The Oakland POA Court held that if punitive action is contemplated at the conclusion of an investigation, the agency will need to determine whether to de-designate the materials and disclose them, or decline to bring charges on the basis of any materials that are withheld. The Court also harmonized its interpretation of Government Code section 3303, subdivision (g), with an officer’s right to review and comment on adverse entries in personnel files pursuant to Government Code sections 3305 and 3306, by holding that those rights do not extend to review of materials temporarily deemed confidential under section 3303 for purposes of an active investigation. However, those rights would still attach at the conclusion of an investigation.
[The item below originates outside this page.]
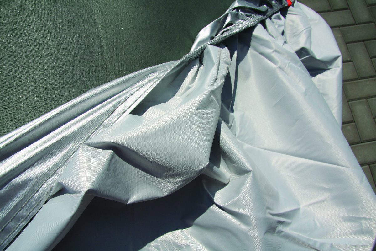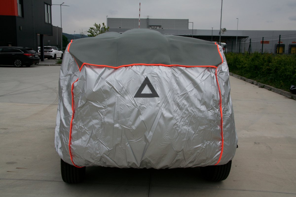 Plachtu je jednoduché nasadiť a vďaka trom všitým popruhom a elastickým okrajom pevne drží na mieste. Reflexné značky vpredu, vzadu aj po stranách zaisťujú lepšiu viditeľnosť a bezpečnosť zaparkovaného vozidla.

The Court also considered the legislative history of Government Code section 3303 and noted that the bill as originally introduced did not provide any basis for agencies to protect the integrity of investigations by withholding sensitive information. However, the Court noted that by granting agencies the authority to withhold confidential materials, the Legislature intended to strike a balance between a police officer’s entitlement to relevant discovery and the agency’s ability to supervise employees effectively and to safeguard the integrity of internal investigations. Accordingly, the Court noted the timing of disclosure of notes, complaints and reports is guided by an investigating agency’s exercise of its discretion to designate materials confidential in furtherance of its investigative objectives and to release nonconfidential materials upon request of the officer under investigation.
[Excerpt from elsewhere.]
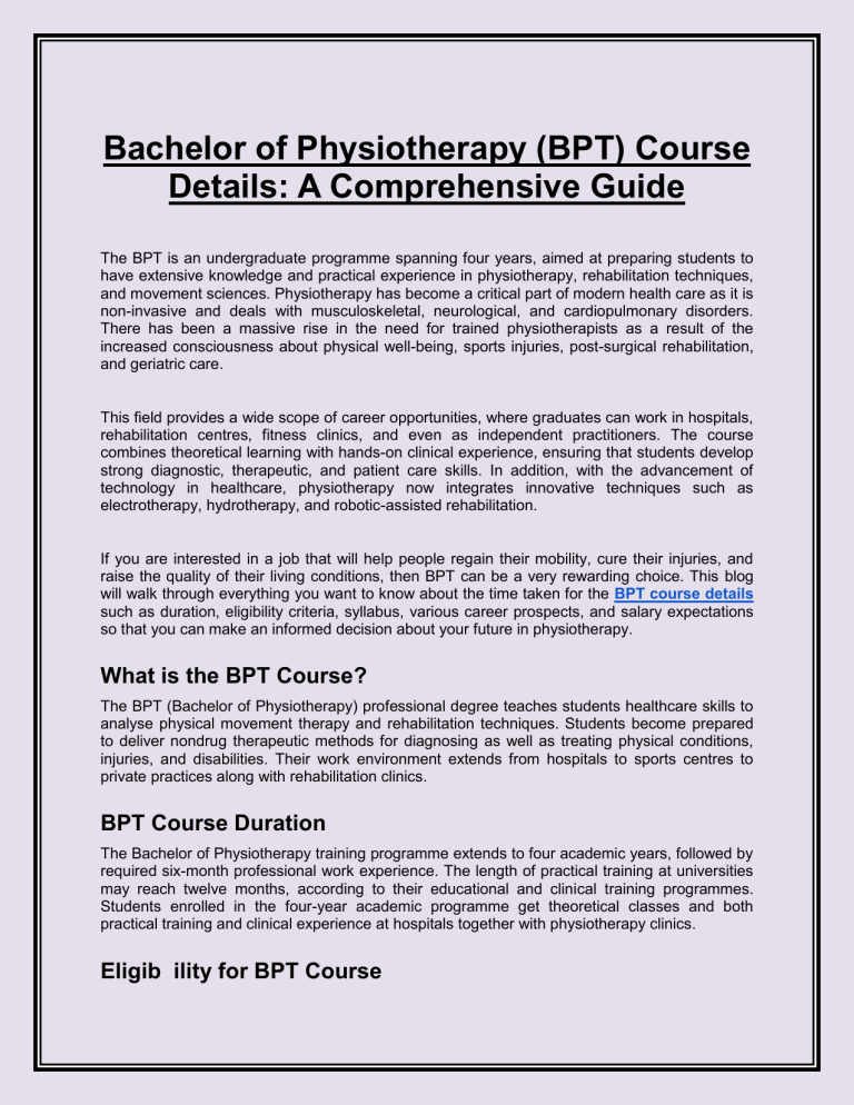 Bachelor of Physiotherapy (BPT) Course Details: A Comprehensive Guide The BPT is an undergraduate programme spanning four years, aimed at preparing students to have extensive knowledge and practical experience in physiotherapy, rehabilitation techniques, and movement sciences. Physiotherapy has become a critical part of modern health care as it is non-invasive and deals with musculoskeletal, neurological, and cardiopulmonary disorders. There has been a massive rise in the need for trained physiotherapists as a result of the increased consciousness about physical well-being, sports injuries, post-surgical rehabilitation, and geriatric care. This field provides a wide scope of career opportunities, where graduates can work in hospitals, rehabilitation centres, fitness clinics, and even as independent practitioners. The course combines theoretical learning with hands-on clinical experience, ensuring that students develop strong diagnostic, therapeutic, and patient care skills. In addition, with the advancement of technology in healthcare, physiotherapy now integrates innovative techniques such as electrotherapy, hydrotherapy, and robotic-assisted rehabilitation. If you are interested in a job that will help people regain their mobility, cure their injuries, and raise the quality of their living conditions, then BPT can be a very rewarding choice. This blog will walk through everything you want to know about the time taken for the BPT course details such as duration, eligibility criteria, syllabus, various career prospects, and salary expectations so that you can make an informed decision about your future in physiotherapy. What is the BPT Course? The BPT (Bachelor of Physiotherapy) professional degree teaches students healthcare skills to analyse physical movement therapy and rehabilitation techniques. Students become prepared to deliver nondrug therapeutic methods for diagnosing as well as treating physical conditions, injuries, and disabilities. Their work environment extends from hospitals to sports centres to private practices along with rehabilitation clinics. BPT Course Duration The Bachelor of Physiotherapy training programme extends to four academic years, followed by required six-month professional work experience. The length of practical training at universities may reach twelve months, according to their educational and clinical training programmes. Students enrolled in the four-year academic programme get theoretical classes and both practical training and clinical experience at hospitals together with physiotherapy clinics. Eligib ility for BPT Course To be admitted into a BPT (Bachelor of Physiotherapy) course, candidates need to satisfy certain eligibility criteria. According to the chosen institute, the BPT course eligibility differs, but they are mostly based on the following eligibility criteria: Educational Qualification: A candidate has successfully passed 10+2 from a recognised board. They have done their study in PCB as compulsory subjects. The minimum aggregate score of 50% to 60% in the 12th grade varies according to the institution. Entrance Exams Some universities carry out entrance examinations for BPT admissions, and others admit on merit in 10+2 examinations. The common entrance tests for BPT are IPU CET, NEET, JIPMER, and BCECE. Age: Most BPT courses have an age limit of 17 years. Some universities may have an upper age limit for admission. BPT Course Fees The BPT course fees differ with the type of institution (government or private) and location. Here's an approximate breakdown: Government Colleges: INR 30,000 – 1,00,000 per year Private Colleges: INR 1,00,000 – 5,00,000 per year International Universities: Fees can go up to $20,000 – $50,000 per year Examination fees, laboratory charges, and clinical training expenses might be added. Subjects and Syllabus in BPT The BPT syllabus focuses on the in-depth exploration of human anatomy, physiology, and a wide range of physiotherapy techniques. Some of the major subjects taught are as follows: Year 1: Human Anatomy Human Physiology Biochemistry Psychology Sociology Basic Nursing Year 2: Pathology Pharmacology Microbiology Exercise Therapy Electrotherapy Year 3: General Medicine General Surgery Orthopedics and Traumatology Neurology and Neurosurgery Community Medicine Year 4: Physiotherapy in Orthopedics Physiotherapy in Neurology Physiotherapy in Cardio-Respiratory Conditions Rehabilitation Research Methodology After the BPT academic session, students are sent to hospitals and rehabilitation centres for six months to perform the clinical internship. Career Options after BPT Upon successful completion of the Bachelor of Physiotherapy course, candidates can look forward to numerous options in the healthcare sector. A few of the most prominent positions include: Physiotherapists – They may work in a hospital, clinic, or in private practice. Rehabilitation Specialist – This includes patients suffering from injury or surgery. Sports Physiotherapist – Deals with sports injury prevention and rehabilitation of athletes. Neurological Physiotherapist – Helps patients suffering from neurological disorders. Cardiopulmonary Physiotherapists – They specialise in cardiac and respiratory ailments. Academician or Lecturer – They teach BPT students in different universities. Researcher – Studies in physiotherapy and rehabilitation. Higher Studies After BPT They may advance their professional careers further after BPT as follows: Master of Physiotherapy (MPT)- Specialisation would be available in orthopaedic, neurological, cardiopulmonary, and sports physiotherapy. MBA in Healthcare Management– These are for people who want to work in hospitals, their management, and their administration. Doctor of Physiotherapy (DPT)– Doctoral programme in some countries. MPT in Musculoskeletal Sciences is also another option after BPT. Salary and Job Prospects The salary of the BPT graduate is on the basis of experience, sp

Under the Oakland POA decision, agencies have the discretion to temporarily designate reports and complaints and other investigative materials confidential in order to protect the integrity of an ongoing administrative investigation, and then de-designate those materials at the conclusion of the investigation so that they may be used for disciplinary or other personnel purposes. Agencies within the Fourth District still have to contend with the Santa Ana POA decision, but may have some more confidence in defending a decision to withhold information prior to conducting a subsequent interrogation.
This decision establishes a clear split in authority between California’s First and Fourth Appellate Districts, potentially making the issue ripe for the California Supreme Court to weigh in. Unless and until it does, agencies throughout California still have to contend with the Santa Ana POA decision. In the event of litigation, agencies will need to persuade trial courts why they should rely upon the Oakland POA case rather than the Santa Ana POA decision, but agencies may have some more confidence in defending a decision to withhold information prior to conducting a subsequent interrogation.